Teenage pregnancy rate falls to record low

Published on: 09/05/2016

The conception rate among under 18s in England and Wales has fallen to its lowest level in over 40 years, to 22.9 conceptions in every 1000 young women aged 15-17.

Figures from the Office for National Statistics show that the conception rate in under 18s peaked in 1971, at 54.9 in 1000 women. It then dropped throughout the 1970s and rose again through the 1980s, until it peaked at 47.1 per 1000 in 1998. From that time the rate began to fall, dropping sharply since 2007, when the rate was 41.6 per 1000.

The estimated number of conceptions in women under 18 fell from 24 306 in 2013 to 22 653 in 2014.

“In most developed countries, women have been increasingly delaying childbearing to later in life, which has resulted in increases in the mean age at first birth and rising fertility rates among older women,” the ONS said in its report.

It added that the delay in childbearing may be due to a number of factors such as increased participation in higher education, increased female participation in the labour force, the increasing importance of a career, the rising costs of childbearing, labour market uncertainty, housing factors, and the instability of partners.

A spokeswoman for the sexual health charity, FPA, welcomed the year-on-year decrease and said: “It shows that messages about safer sex are getting through to young people, and that they are able to access contraceptive services.

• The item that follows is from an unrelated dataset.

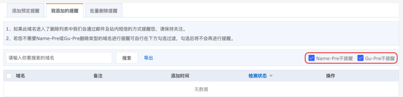 过期域名提醒-我添加的提醒页面,支持勾选“ Name-Pre不提醒”或“ Gu-Pre不提醒”,您可根据对域名的需求灵活设置,让提醒更精准高效。
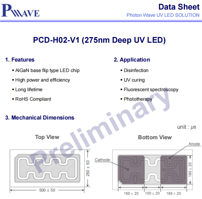 PW深紫外PCD-H02-V1UVC芯片5mW275nm

“The government’s 10-year teenage pregnancy strategy, which ended in 2010, had a huge impact in England and since then, successive governments have kept teenage pregnancy as a priority.

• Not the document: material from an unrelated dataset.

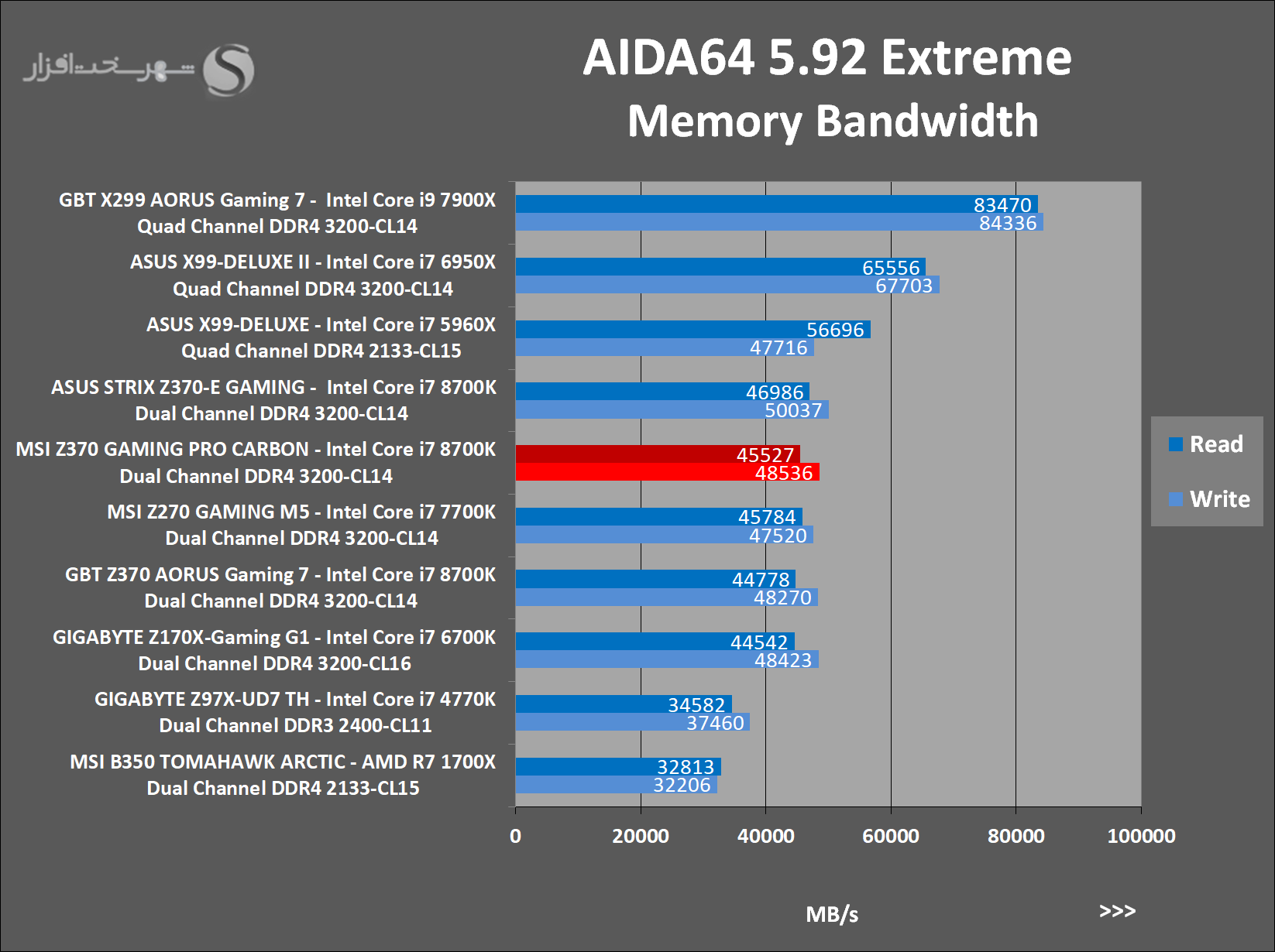 تست پهنای باند و Latency حافظه توسط نرمافزار AIDA64

Ann Furedi, the chief executive of the British Pregnancy Advisory Service, said the decline in the number of teenage births was due in part “to the huge improvements we’ve seen in contraception advice and services for younger women, with straightforward access to abortion services when their chosen method lets them down” .

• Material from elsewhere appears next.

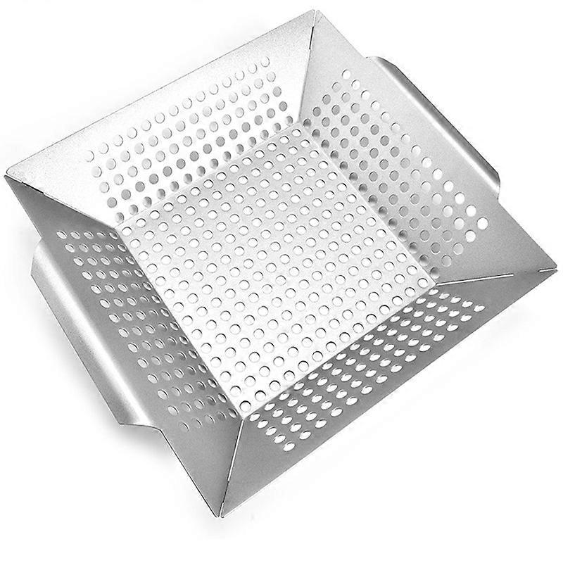 Mini Grilling Basket , Stainless Steel Perforated Grill Baskets for Grilling Veggies, Seafood, and Meats, Durable Design The grill basket is made of durable stainless steel. Small holes allow heat and smoke to pass through for optimal and even grilling of meat, fish, vegetables and more. PERFECT SIZE Small and convenient size for crowded grills or when you don't want to clean the entire grill for a small meal. Size: 34.8*30.7*5.2cm, can hold food for 2-3 people. Convenient Design Easy to clean with soap and water or dishwasher. Lightweight and easy to carry, this grill basket is ideal for use with most grill types i.e. charcoal, gas, propane, infrared and portable electric (great for camping). PERFECT GIFT The BBQ Basket Set is a great gift for your BBQ lover, cooking lover friends and family.

She added: “Women are often warned about the dangers of leaving it ‘too late’ to try for a family, and this data confirms that far from facing a fertility cliff-edge at age 35, women still have a good chance of conceiving. We hope this provides some reassurance to them.”

Previous data has shown that the UK birth rate among 15- to 19-year-olds in 2012 was higher than the rest of the EU, at 19.7 births per 1,000 women, compared with 12.6 births in the rest of the EU. However, the UK rate has fallen by more than a quarter (26.8%) since 2004 compared with a fall of almost one-fifth (18.2%) in other EU countries over the same period.